Phew - made it through another week. And, I have a five day weekend ahead of me. I'll be wine tasting tomorrow, biking Sunday and hanging out with my friend in San Diego (and her one month old adorable baby) on Monday through Wednesday. Wine, sun, surf, etc.... I need it.
I had an email exchange with my RE this week that was rather disconcerting. I told him that my leaning was to try naturally for a few months to see if it will work again. The good news is he agreed. The bad news is he said "I honestly do not know if we will have more success with IVF or IUI". Now, that is a downer. Basically, he's almost giving up on being able to help us. I guess I already knew that we were nearing the end of the IVF road. And, part of me is glad that there is an end to that road. But, it's scary.

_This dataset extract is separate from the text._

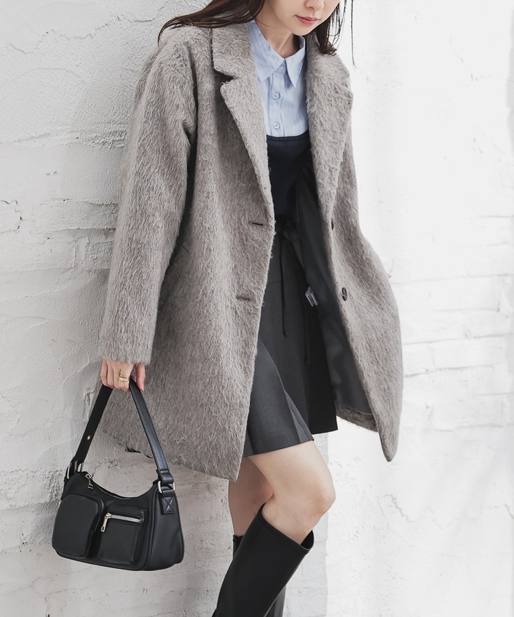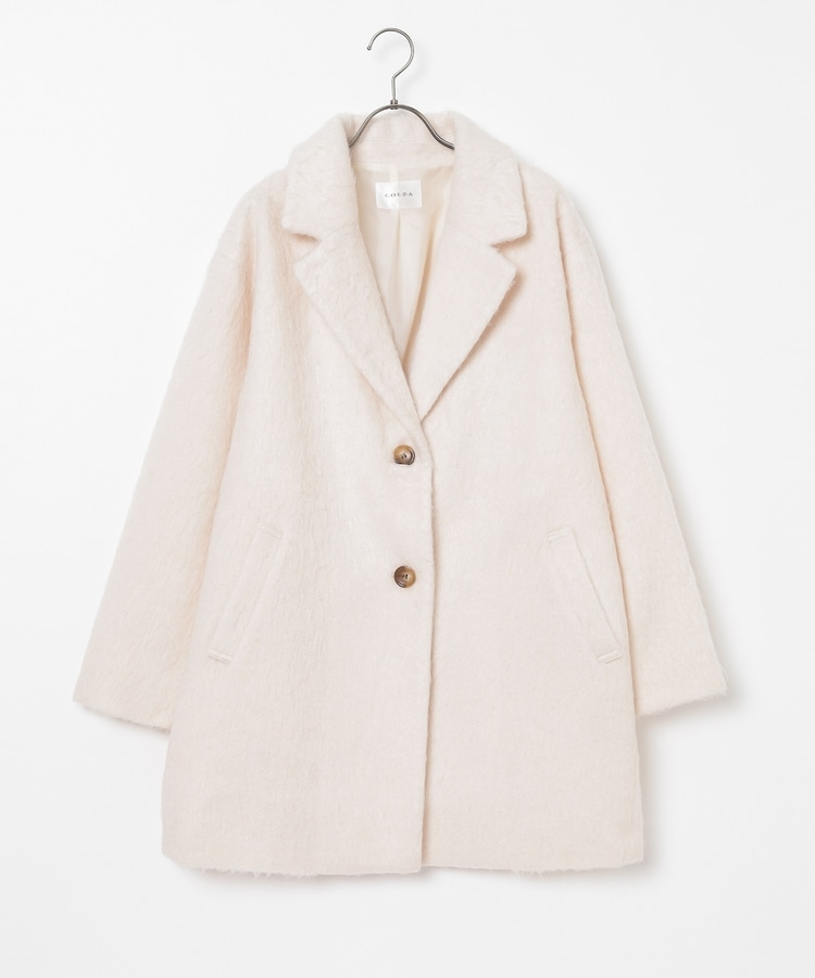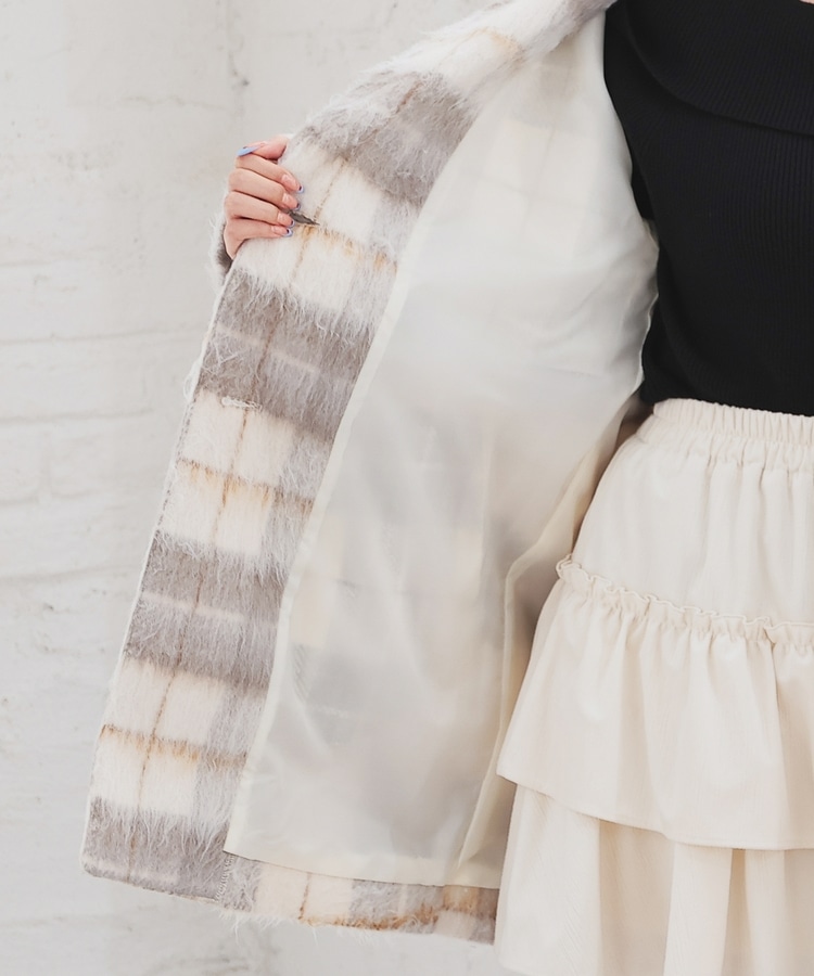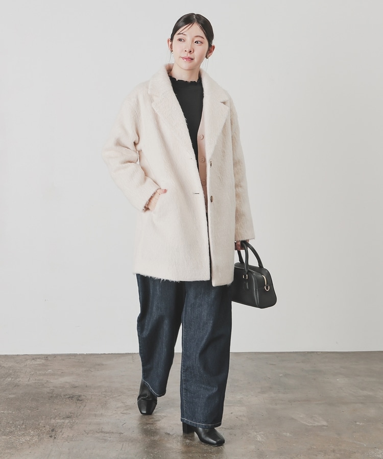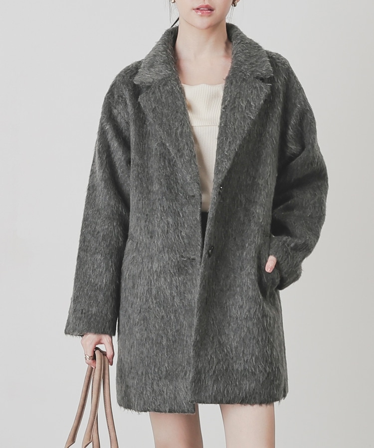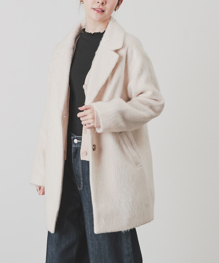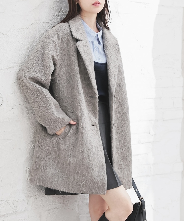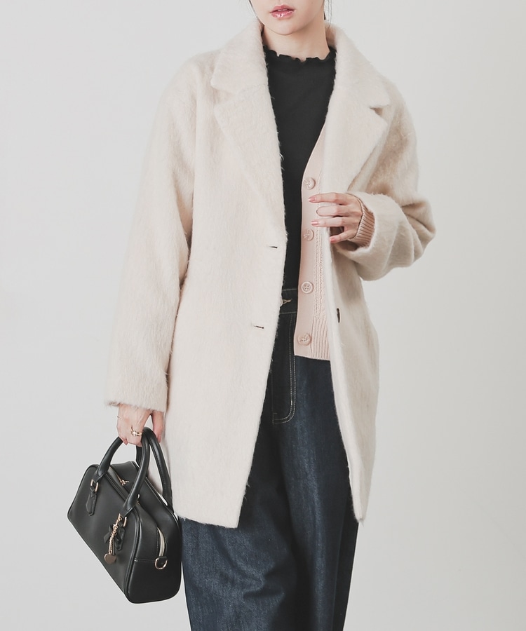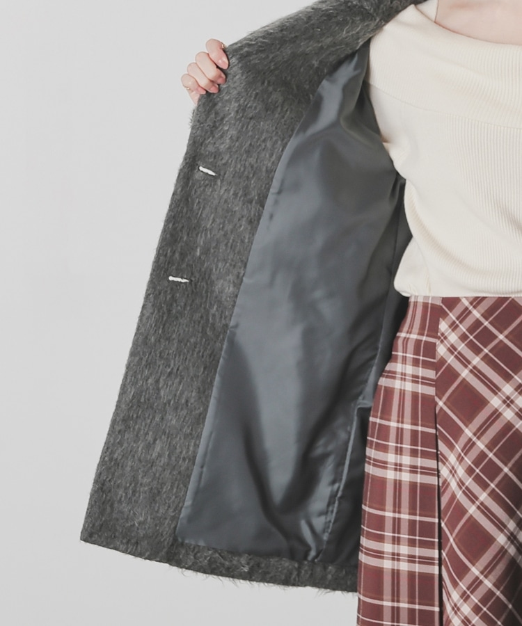 すっきりと開いたテーラードカラーにシングルボタンのベーシックなデザイン。
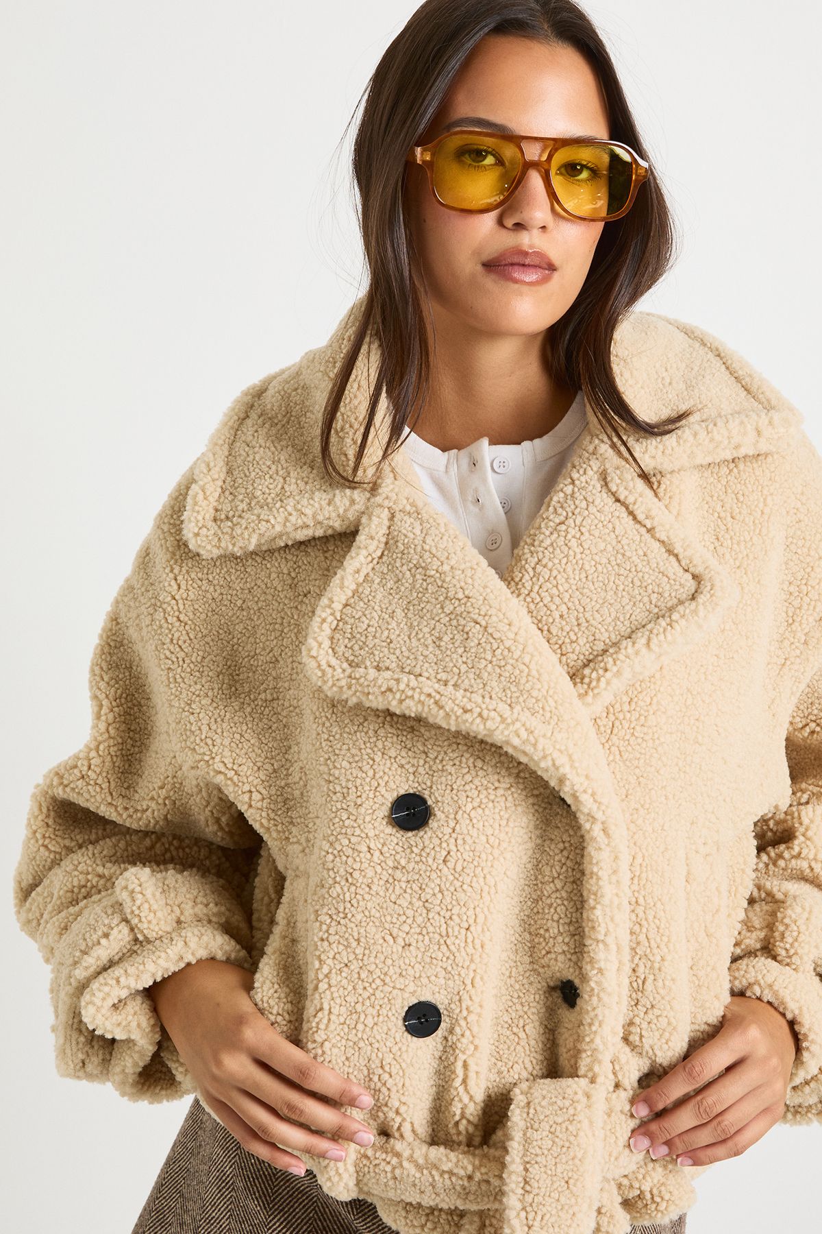 • Dropped shoulder design with roomy sleeves for effortless movement Wrap up in style with this statement Oversized Collar Belted Teddy Jacket from Boohoo. The generous proportions and sumptuous texture create a contemporary silhouette that's both on-trend and wonderfully comfortable. Style with tweed shorts and a simple crop top for casual daytime outings, or throw over straight-leg jeans and trainers for weekend coffee dates. The adjustable belt allows you to customise your look-wear it cinched for definition or open for a more relaxed feel. Perfect for family gatherings or casual meet-ups with friends, this jacket works brilliantly with boots for a coordinated autumn ensemble. The versatile design makes it an ideal transitional piece that will see you through multiple seasons, easily dressed up or down depending on the occasion. A true wardrobe hero that combines practicality with fashion-forward styling.

What percentage of people can't be helped after two years of aggressive treatments? I am feeling in the minority here. I know there are many people who are in worse situations than me, but a whole bunch of people seem to "beat" IF. As I'm entering this blog world, I've been searching around different infertility blogs and so many of you are pregnant. That is so amazing and I certainly wouldn't wish my experience on anyone, but I feel like I'm joining a more an more "elite" club (as if it's a good thing).
Anyway, again, I'm so happy it's the weekend and I have been feeling relatively good overall. I've only broken down in tears a couple times this week. I'm still spotting which is annoying (go away!!). But, all in all, I'm dealing.